Matt Sealy

Personal information
- Nationality: United Kingdom
- Born: 21 June 1982 (age 44) Toronto, Canada

Sport
- Country: Great Britain
- Sport: Wheelchair basketball
- Event: Men's team
- Club: Capital City Aces
- Team: Bulldogs

= Matt Sealy =

British wheelchair basketball player (born 1982)

Matt Sealy (born 21 June 1982) is a British wheelchair basketball player. He was selected to play for Team GB in the 2012 Summer Paralympics in London.

==Personal life==
Sealy was born on 21 June 1982 in Toronto, Canada. He currently lives in Maidenhead, Berkshire. He became a paraplegic in 1985 after a car accident.

==Wheelchair basketball==
He was introduced to wheelchair basketball by his mother, when she took him to a National Junior Games taster session in Stoke Mandeville, Buckinghamshire in 1993. Since then, he has played wheelchair basketball for over seventeen years. He is classed as a 2.0 wheelchair basketball player. He once played for an Italian wheelchair basketball squad. He spent twelve years with Super League Club Aces. He helped this team win gold in the Super Wheelchair Basketball League Cup. He has represented Great Britain under 22s (Team GB under 22s) in two European Championships. He made his official Great Britain debut at the BT Paralympic World Cup in 2006. Since then, he has played in European Championship and World Championship matches for Great Britain.
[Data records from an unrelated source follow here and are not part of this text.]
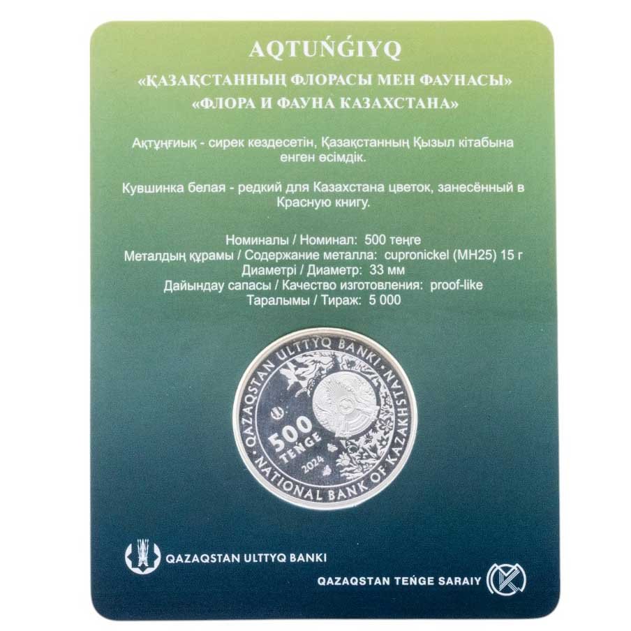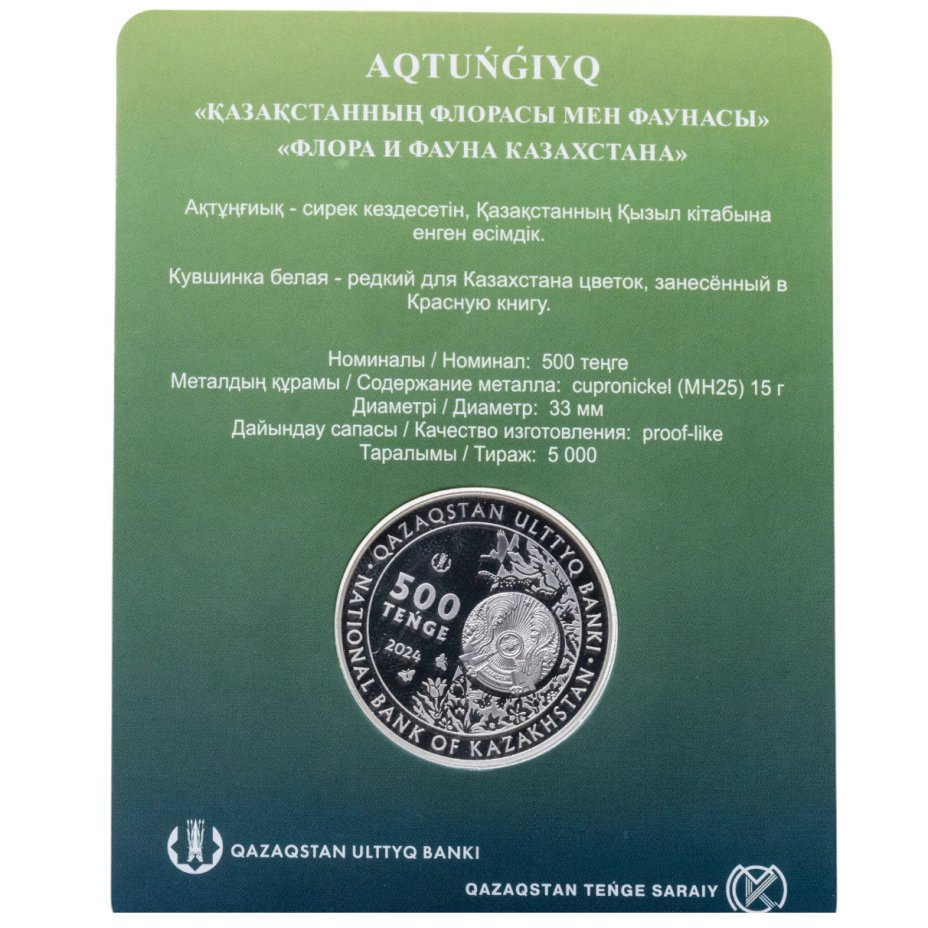 - Тираж: Монетный двор: Усть-Каменогорск, Казахстан; Знак: ҚҰБ; Proof=5000 шт.
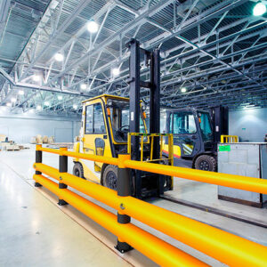 Barriera pedonale ideale per delimitare le aree del magazzino ad altissimo traffico di muletti con carichi pesanti. Adatta per uso interno ed esterno.
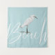 Tapisserie Avec Belle Plage d'Aiguille Neige Peinte en Lettres Script. Vous êtes susceptible de voir ce bel oiseau Snowy Egret le long de la côte lors d'une promenade sur la plage, près des zones humides de l'intérieur, et le long des bords des rivières et des lacs. Disponible en différentes tailles. Conception de Jenn's Emporium.
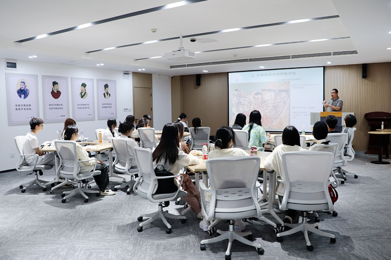 主题讲座环节,特邀国家金牌导游、国家高级导游杨远峰做了《石窟文化》的专题讲座,杨老师曾担任河南牧业经济学院、河南职业技术学院等多所高校的特聘讲师,是河南省旅游协会“高校导游工作室”负责人,是《畅游美丽河南》《在这里·读懂河南》等多本杂志的副总编辑,对石窟文化有着独到而深刻的研究,杨老师此次讲座从石窟艺术的源头娓娓道来,为同学们展开了一幅石窟艺术历史发展的恢宏画卷,带着同学们一路畅游,从沙漠绿洲中的佛国妙境到河西走廊、莫高窟与麦积山,并以龙门造像与中原模式和东魏、北齐的造像为例讲述了石窟艺术从东西对立走向南北交融,重点对最具代表性的艺术巨制---龙门卢舍那进行了讲解,深入浅出地讲述了厚重石窟文化的千年历史,让同学们仿佛置身其中地领略了石窟文化的魅力,为后期实地考察打下了坚实的知识基础,赢得了同学们的阵阵掌声。
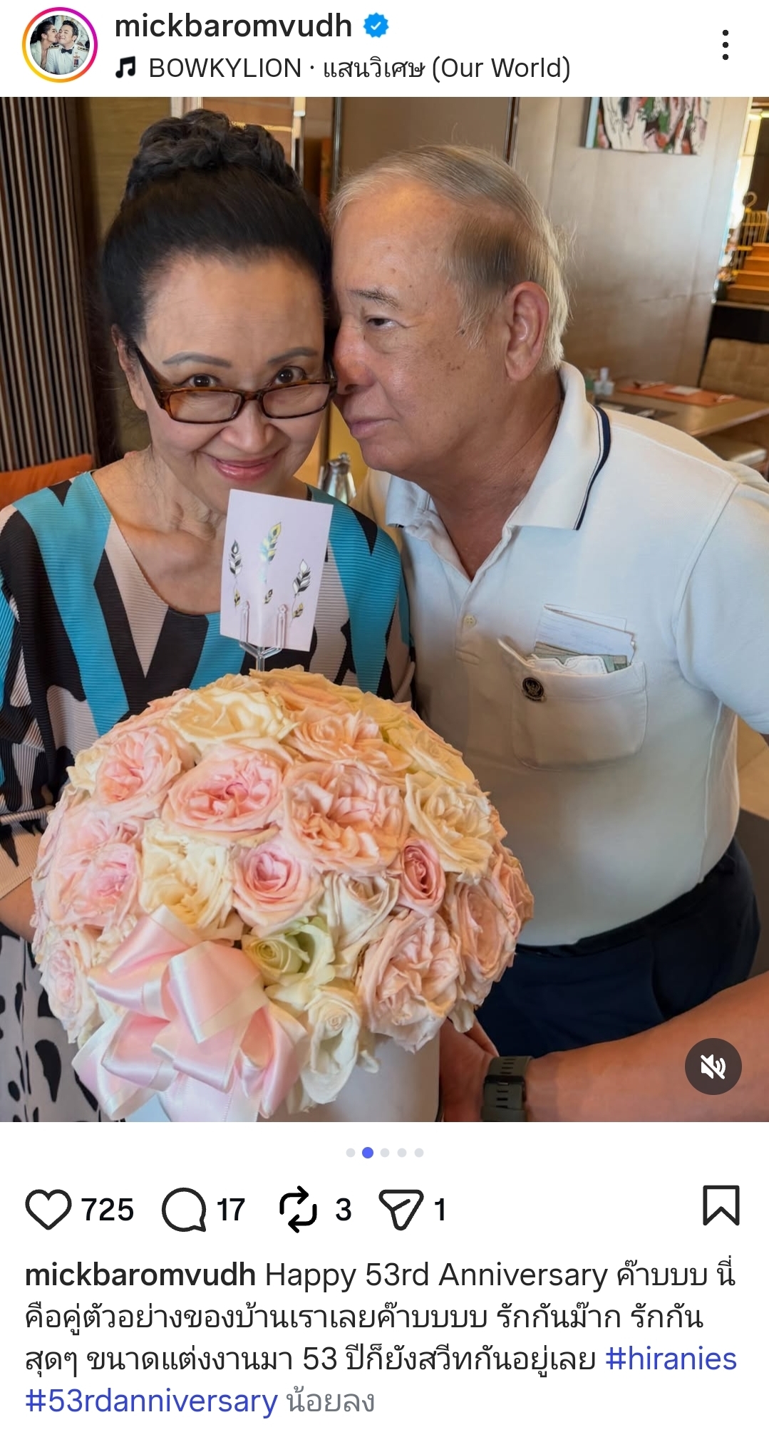 ​”Happy 53rd Anniversary ค๊าบบบ นี่คือคู่ตัวอย่างของบ้านเราเลยค๊าบบบบ รักกันม๊าก รักกันสุด ๆ ขนาดแต่งงานมา 53 ปีก็ยังสวีตกันอยู่เลย”
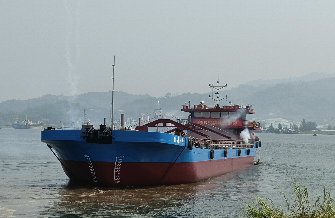 福寧重工建造的58米內(nèi)河集散兩用貨船“武夷1號(hào)”順利下水

Despite his long career, Sealy has only competed in three championships as a senior. The first was the 2009 European Championships, held in Adana, an agricultural city in southern Turkey. In this event, he won a bronze medal; coming third place, along with the British team. In 2010, he played in the 2010 World Wheelchair Basketball Championships, held on home soil in Birmingham, England. However, the team finished in fifth place in this event. In 2011, he was in the 2011 European Championships, held in Nazareth, northern Israel. This match saw a victory for Sealy and his team.